Here is what the future holds for Israel-Egypt relations - opinion

Israeli-Egyptian relations withstood several crises resulting from regional storms since they signed the peace agreement.

 PRIME MINISTER Naftali Bennett meets with Egyptian President Abdel Fattah al-Sisi in Sharm el-Sheikh in September.  (photo credit: Egyptian Presidency/Reuters)
PRIME MINISTER Naftali Bennett meets with Egyptian President Abdel Fattah al-Sisi in Sharm el-Sheikh in September.
(photo credit: Egyptian Presidency/Reuters)

Shortly before Yom Kippur, Prime Minister Naftali Bennett held his first official visit to an Arab state, meeting in Sharm el-Sheikh with Egyptian President Abdel Fattah al-Sisi. The invitation was conveyed to Bennett by Egyptian Intelligence Chief Abbas Kamel on his August visit to Israel.

Nothing in the Middle East is happenstance, not even the date of that summit meeting on the first anniversary of the signing of the Abraham Accords between Israel and the UAE and Bahrain. Much has happened since the previous visit by an Israeli prime minister to Egypt 11 years ago. Egypt underwent two revolutions and a short-lived rule by the Muslim Brotherhood, several Arab states entered into an unending vortex of terrorism and civil war, Israel signed peace agreements with four Arab and Muslim states and the US continued to withdraw from the region, while Russia and China stepped in – to stay.

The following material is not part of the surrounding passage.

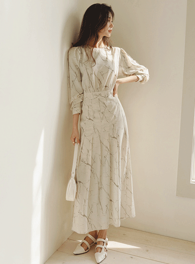 Eli Printing Pleats Long Dress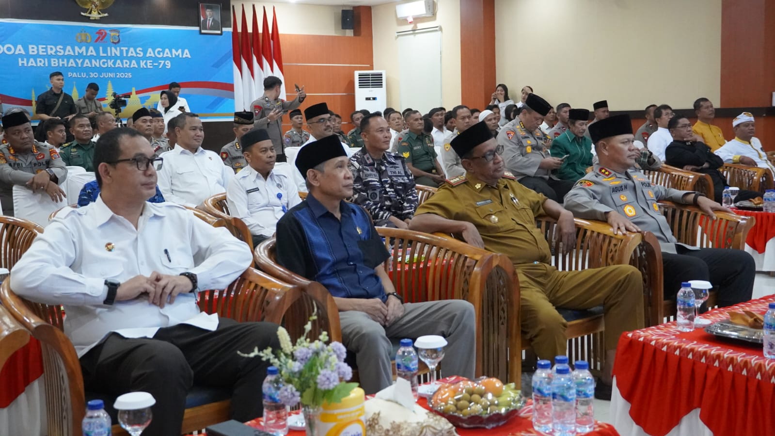 Turut hadir sejumlah pejabat dan tokoh penting di Sulawesi Tengah. Gubernur Sulteng diwakili oleh Asisten I Bidang Pemerintahan dan Kesra, Fahrudin Yambas. Hadir pula Kapolda Sulteng Irjen Pol. Agus Nugroho, jajaran Polda Sulteng, Kapolres Palu, Danrem 132/Tadulako, Kajati Sulteng, Ketua Pengadilan Tinggi Sulteng, Danlanal Palu, Rektor UIN Datokarama Palu, Ketua Forum Kerukunan Umat Beragama (FKUB) Sulteng, tokoh-tokoh agama, serta para tamu undangan lainnya. Kegiatan ini juga diikuti secara virtual oleh jajaran Kepolisian Republik Indonesia di seluruh Indonesia.

Israeli-Egyptian relations withstood several crises resulting from regional storms (and perhaps because of them), with certain warming felt in some aspects. What lies ahead for Jerusalem-Cairo ties in the coming decade? Who in Egypt is responsible for shaping Israel’s image? And why is Egypt continuing its dizzying military buildup?

Together against Islamic terrorism

Cooperation between Jerusalem and Cairo achieved unprecedented closeness in recent years, as Egypt faced widespread terrorist attacks and attempts by organizations loyal to the Islamic State to entrench themselves in the northern part of the Sinai Peninsula. Egypt, struggling to wipe out terrorist activity in the Sinai, welcomed the cooperation with Israel and did not try to deny or hide it, while Israel was pleased with the opportunity to enhance its ties with Cairo and was quick to accede to its many requests, including an increased Egyptian military presence in the Sinai.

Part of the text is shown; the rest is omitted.